TAMPA — One of the arguments local boosters used for wanting to
turn Tampa inside out and upside down to host the Republican
National Convention next week is all the great media “exposure”
Tampa will get out of the event. The reasoning goes that TV viewers
and visitors will see how comprehensively swell Tampa is and
re-locate their businesses here.
Well, I guess it’s clear enough that no corporate research
department is aware yet that Florida has no personal income tax,
that the cost of living here is lower than in California or New
York, or that it doesn’t snow here in the winter (except for one
January day in 1977). But you have to wonder about that media
exposure, which has begun already.
The Daily Beast, an excitable left newsletter, started
the exposure parade Monday with an attack piece under the
headline: “Tampa: Seedy Host of Republican Coming-Out Party.”

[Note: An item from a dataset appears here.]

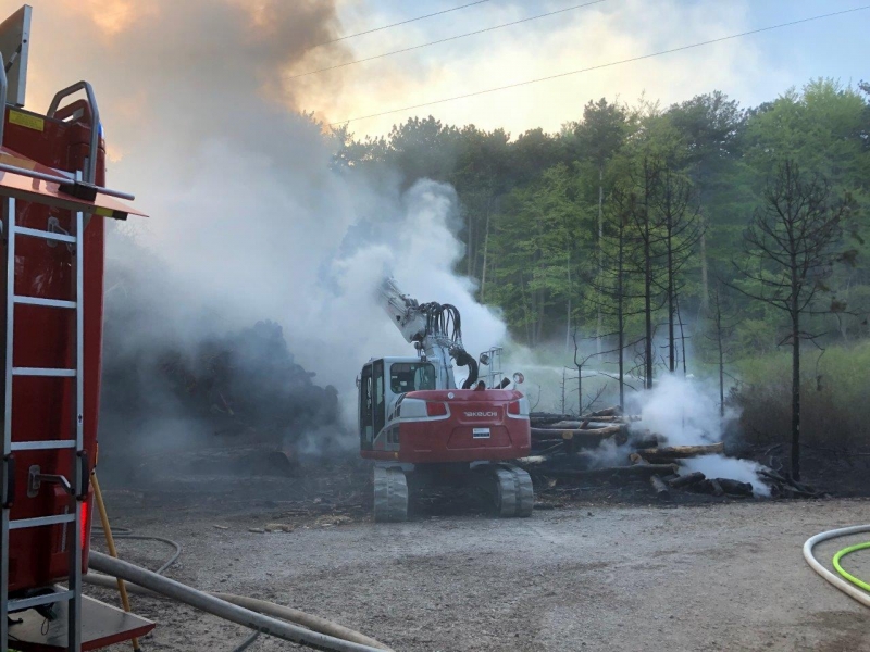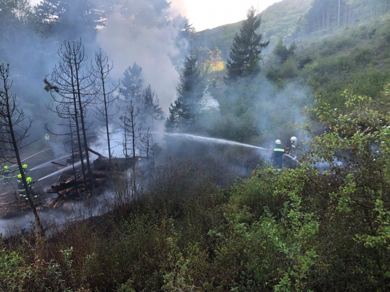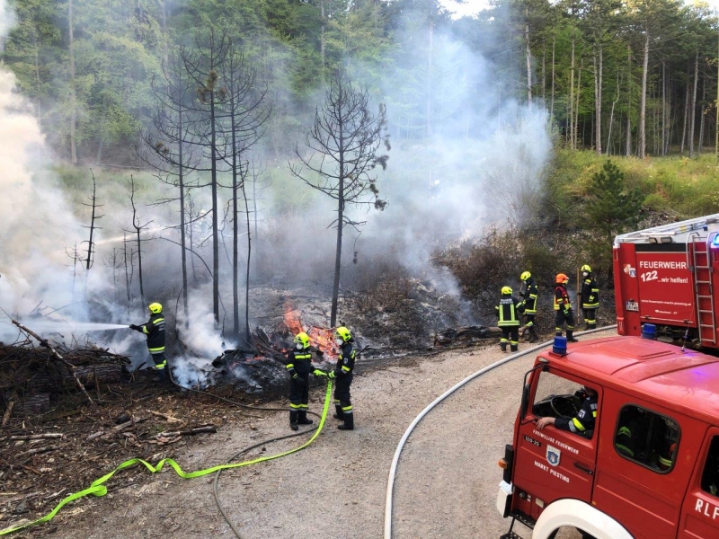 Die anrückenden Feuerwehren meldeten eine zweite Rauchsäule nicht weit vom ersten Einsatzort entfernt. Bei der Erkundung stellte sich heraus das zu diesem Brand bereits die Feuerwehr Hernstein und Aigen ausgerückt sind. Hier waren ca. 200 m² Waldfläche vom Brand betroffen. Beide Brände konnten mit vereinter Kraft um ca. 19 Uhr unter Kontrolle gebracht werden. Es wurde nun eine Saugstelle an der Piesting errichtet um die Ortswasserleitung zu entasten. Mit Hilfe eines Baggers wurde der Holzhaufen verteilt und die Glutnester abgelöscht. Um ca. 21 Uhr konnte Brand Aus gegeben werden.

The subhead was equally as charming “A mobbed-up past, a surplus of
strippers: Tampa’s got it all.”
Well, isn’t that special? I could hear them hyperventilating at
the Chamber from my home office. Sure enough, mobster Santo
Trafficante, Jr. spent time in Tampa, as well as in Miami and
Havana (before El Jefe Maximo took that island over). But he died
in 1987. Tampa indeed has a couple of long-established strip joints
on Dale Mabry Highway, well away from the convention site. But the
city is hardly the “strip club capital of the United States,” as
the DB writer, one Lloyd Grove, claims. (On what authority he never
says — personal research?)
Grove sums up: “It’s [Tampa] a counterintuitive locale for the
buttoned-down Mormon and his wholesome Midwestern running mate to
introduce themselves officially to the country — a steamy swamp of
a city with a rich history of sinners succumbing to so many
temptations.”
My, oh my! Can I hear an, “Amen”?! What Grove, who seems to have
researched his summing up of Tampa between his mid-morning arrival
at TIA and happy hour, isn’t aware of is that the biggest
demographic in Tampa and Hillsborough County today is re-located
Midwesterners. I’ve described Tampa culturally as Peoria with palm
trees. In addition to those strip joints, we have schools,
churches, and scout troops. Paul Ryan will feel right at home
here.
Grove is certainly right that Tampa is sweltering this time of
year. Heat indexes in August (not to mention much of June, July,
and September) are routinely in triple digits. It’s NOT a dry heat.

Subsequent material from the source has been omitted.